É possível a determinação do comportamento não-verbal pelo comportamento verbal?

Segundo Skinner (1957) o comportamento verbal é um tipo especial do comportamento operante. O autor define esse tipo especial de operante como um comportamento cujas consequências que o mantém são mediadas pelo outro. Nesse sentido, o conceito de comportamento verbal não se restringe à fala, mas a toda e qualquer forma de comportamento que envolva a mediação da consequência do comportamento do falante pelo ouvinte, como a escrita, os gestos, as figuras, etc.


Ao discutir as possibilidades de alcance que o conceito de comportamento verbal poderia ter, Skinner questiona-se como o terapeuta comportamental pode lidar com o comportamento verbal na clínica. Essa questão vem sendo discutida até hoje por diversos autores analítico-comportamentais que atuam na área, e um dos pontos que tem sido alvo de estudos experimentais é a determinação do comportamento não-verbal por meio do comportamento verbal. De acordo com Catania (1999), a modelagem do comportamento verbal é uma técnica potente para modificar o comportamento humano.



Catania (1999) afirma isso com base em um estudo em que se demonstrou que o comportamento verbal modelado é acompanhado do comportamento não-verbal correspondente. Catania e cols. (1982) programaram dois botões que produziam o ganho de pontos por diferentes maneiras. Esses dois botões eram sinalizados por estímulos discriminativos diferentes e estavam disponíveis em momentos distintos. Em um, a contingência para ganhar pontos era por meio do esquema de razão randômica. No outro, vigorava o esquema Intervalo Randômico. Além disso, havia outra maneira para acúmulo de pontos, que era por meio de descrever como se ganhava pontos em cada botão. Essas descrições eram realizadas em uma folha de papel na qual se pedia para dizer qual a melhor forma de ganho de pontos em um determinado botão. Os comportamentos eram reforçados por meio de pontos recebidos. Na situação experimental, o dizer dos participantes foi reforçado de forma incongruente com contingência estabelecida, por exemplo, se em um botão vigorava o esquema razão randômica, a descrição modelada era a de pressionar devagar. Os resultados apontam que os estudantes modificavam o modo de pressionar conforme a modelagem das descrições do comportamento, havendo correspondência entre o dizer e o fazer. Assim, o que os estudantes diziam sobre seu comportamento era mais determinante do que as próprias consequências para a resposta de pressão dos botões.

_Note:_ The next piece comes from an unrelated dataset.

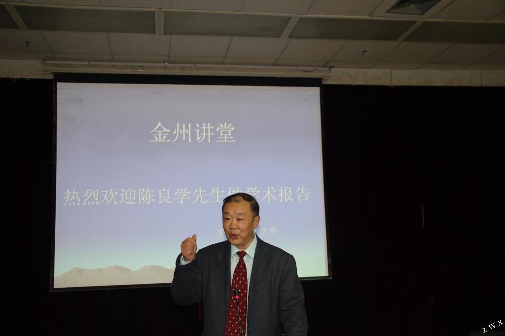 正在“金州讲堂”激情洋溢作报告的学者
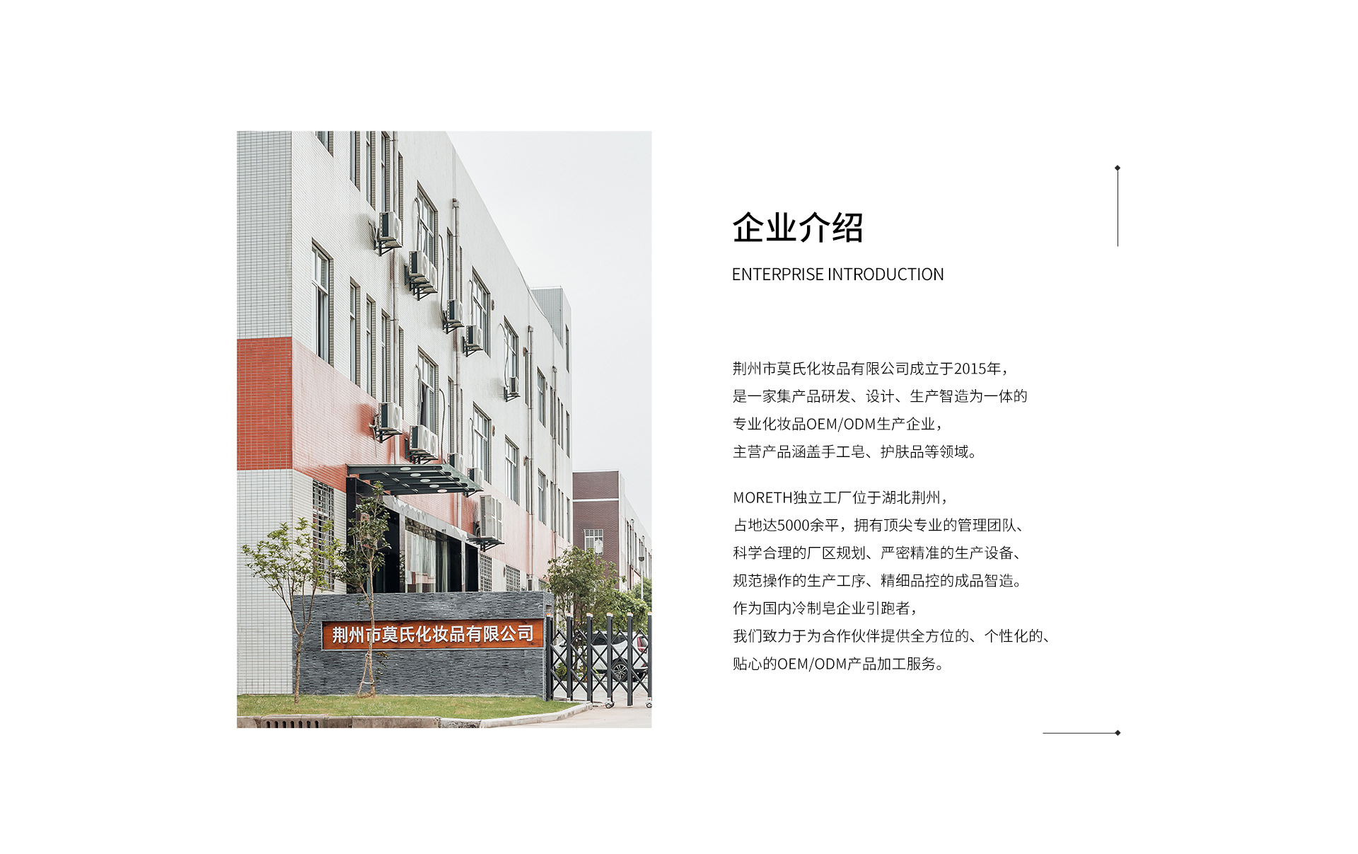 MORETH(荊州市莫氏化妝品有限公司)成立2015年,是一家集產(chǎn)品研發(fā)、設(shè)計、生產(chǎn)智造為一體的專業(yè)化妝品OEM/ODM生產(chǎn)企業(yè),主營產(chǎn)品涵蓋手工皂、護膚品等領(lǐng)域。成立至今,莫氏以敢為人先的魄力、可靠的產(chǎn)品質(zhì)量、專業(yè)的服務(wù)和精細化的風(fēng)險管理,成就了兼具制造、品質(zhì)、專業(yè)的MORETH。

Entretanto, de acordo com Catania e cols (1990) e Catania (1999), o comportamento verbal instruído ou governado verbalmente, seria relativamente insensível às suas consequências e é menos sistematicamente acompanhado pelo comportamento não-verbal correspondente. Assim, de acordo com esses estudos, quando o nosso comportamento verbal é modelado, o comportamento não-verbal acompanharia a modelagem, havendo uma correspondência entre o dizer e o fazer, o que implica na possibilidade da modificação do comportamento não-verbal na clínica por meio dessa técnica. Contudo, se são simplesmente oferecidas regras verbais aos clientes, não haveria necessariamente o acompanhamento do comportamento não-verbal, ou seja, não implica em mudanças.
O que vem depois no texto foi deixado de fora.